__Source data__
= Beginning of Section =
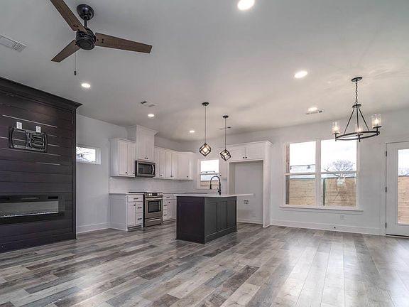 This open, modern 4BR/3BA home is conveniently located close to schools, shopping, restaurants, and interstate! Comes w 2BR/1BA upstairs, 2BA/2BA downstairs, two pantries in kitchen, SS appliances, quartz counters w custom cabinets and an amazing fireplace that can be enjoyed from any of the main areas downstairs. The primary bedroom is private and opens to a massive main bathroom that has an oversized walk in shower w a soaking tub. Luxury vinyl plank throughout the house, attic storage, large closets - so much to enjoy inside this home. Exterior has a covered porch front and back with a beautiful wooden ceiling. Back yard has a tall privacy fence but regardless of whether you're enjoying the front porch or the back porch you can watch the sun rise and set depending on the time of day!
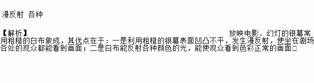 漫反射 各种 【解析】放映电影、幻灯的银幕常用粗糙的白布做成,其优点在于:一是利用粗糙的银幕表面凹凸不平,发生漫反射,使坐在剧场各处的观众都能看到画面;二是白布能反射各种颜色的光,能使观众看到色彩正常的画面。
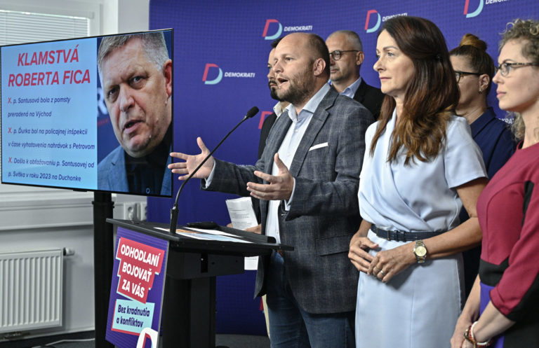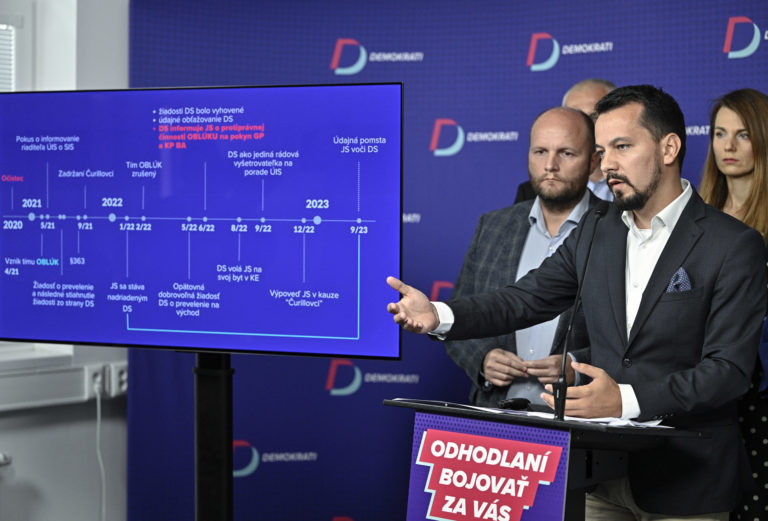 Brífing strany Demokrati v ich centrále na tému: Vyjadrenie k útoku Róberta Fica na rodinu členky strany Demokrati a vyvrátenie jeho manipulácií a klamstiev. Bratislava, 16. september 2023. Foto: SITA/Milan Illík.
= End of Section =
__Exercise brief__
Retype each line of the listing above word for word. Exclude the pictures.

__Solution for this problem__
 This open, modern 4BR/3BA home is conveniently located close to schools, shopping, restaurants, and interstate! Comes w 2BR/1BA upstairs, 2BA/2BA downstairs, two pantries in kitchen, SS appliances, quartz counters w custom cabinets and an amazing fireplace that can be enjoyed from any of the main areas downstairs. The primary bedroom is private and opens to a massive main bathroom that has an oversized walk in shower w a soaking tub. Luxury vinyl plank throughout the house, attic storage, large closets - so much to enjoy inside this home. Exterior has a covered porch front and back with a beautiful wooden ceiling. Back yard has a tall privacy fence but regardless of whether you're enjoying the front porch or the back porch you can watch the sun rise and set depending on the time of day!
 漫反射 各种 【解析】放映电影、幻灯的银幕常用粗糙的白布做成,其优点在于:一是利用粗糙的银幕表面凹凸不平,发生漫反射,使坐在剧场各处的观众都能看到画面;二是白布能反射各种颜色的光,能使观众看到色彩正常的画面。
 Brífing strany Demokrati v ich centrále na tému: Vyjadrenie k útoku Róberta Fica na rodinu členky strany Demokrati a vyvrátenie jeho manipulácií a klamstiev. Bratislava, 16. september 2023. Foto: SITA/Milan Illík.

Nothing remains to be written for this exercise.